[Problem requirements]
Repeat the lines of the data exactly and exclude any picture among them.

[The data]

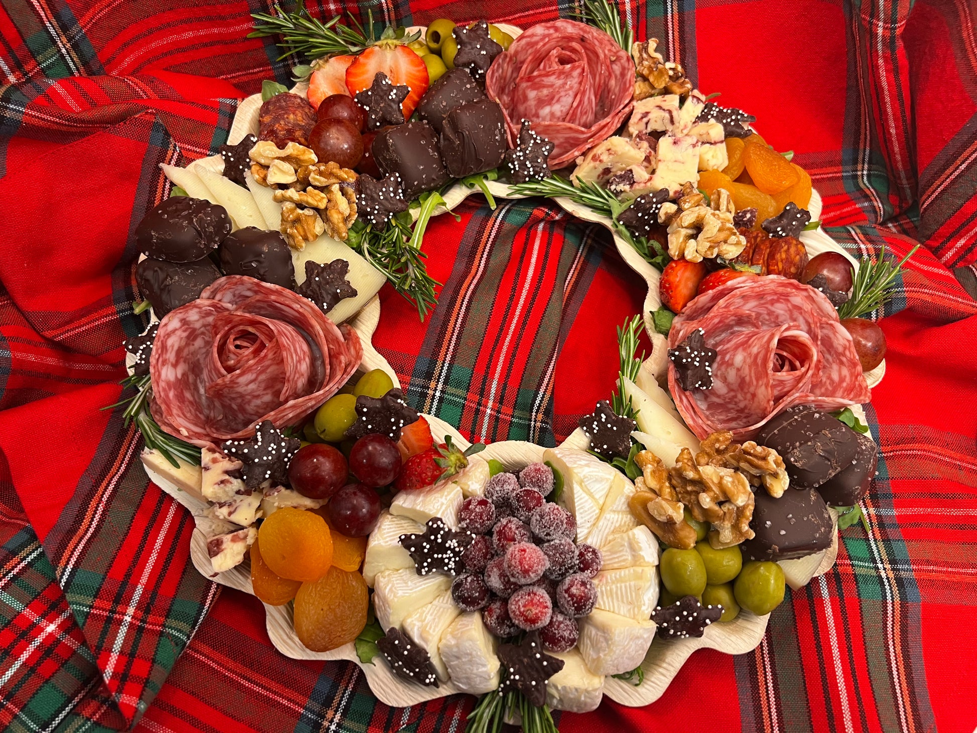 Arrangement includes a variety of meats, cheeses, fresh and dried fruit, nuts, and other accompaniments. The board's contents are subject to change depending on availability and season, and can serve 6-8 people as an appetizer.
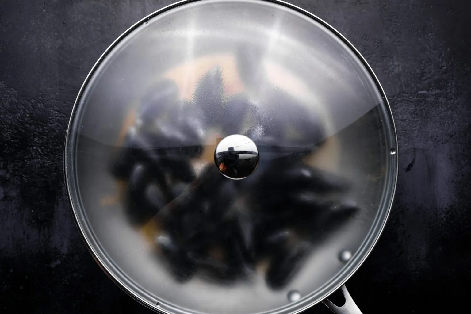 Trong chảo mà bạn vừa nấu tôm (không cần rửa lại trước), đun sôi rượu trên lửa vừa. Thêm vẹm vào và đậy nắp.
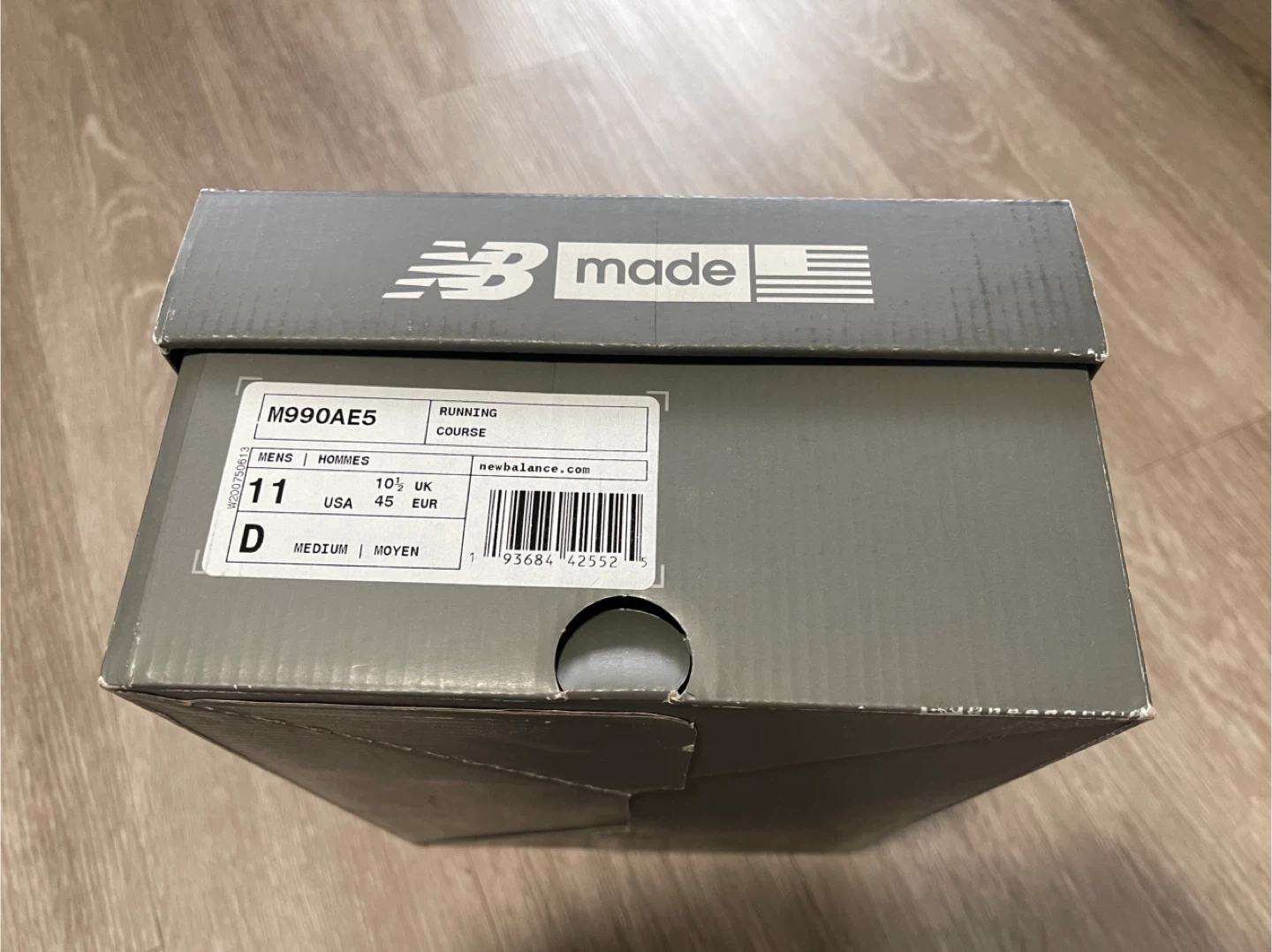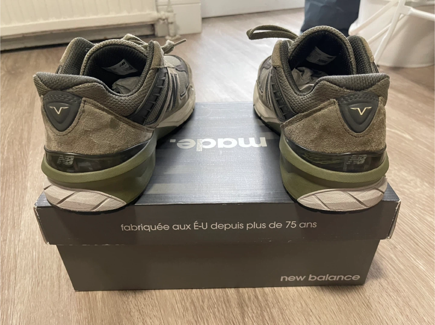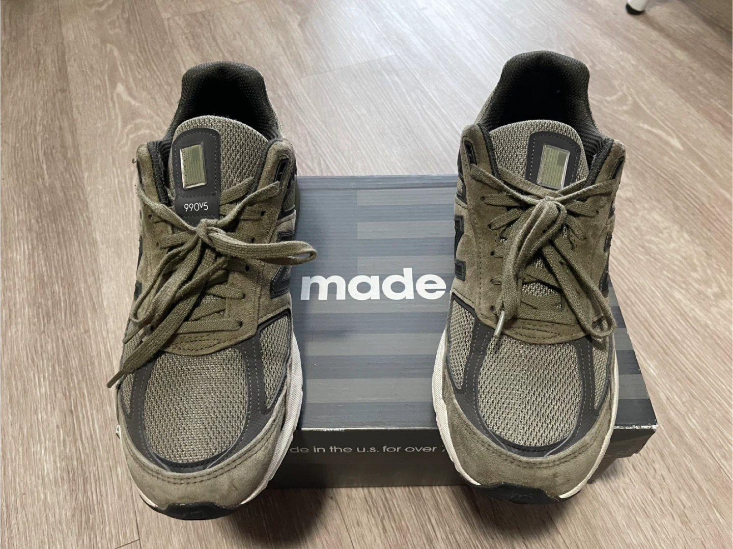 These are New Balance 990v5 sneakers, made in the USA. They feature a classic olive green colourway. The sneakers have a mesh and suede construction with ENCAP midsole technology. These shoes are great for everyday wear!

[Task response]
 Arrangement includes a variety of meats, cheeses, fresh and dried fruit, nuts, and other accompaniments. The board's contents are subject to change depending on availability and season, and can serve 6-8 people as an appetizer.
 Trong chảo mà bạn vừa nấu tôm (không cần rửa lại trước), đun sôi rượu trên lửa vừa. Thêm vẹm vào và đậy nắp.
 These are New Balance 990v5 sneakers, made in the USA. They feature a classic olive green colourway. The sneakers have a mesh and suede construction with ENCAP midsole technology. These shoes are great for everyday wear!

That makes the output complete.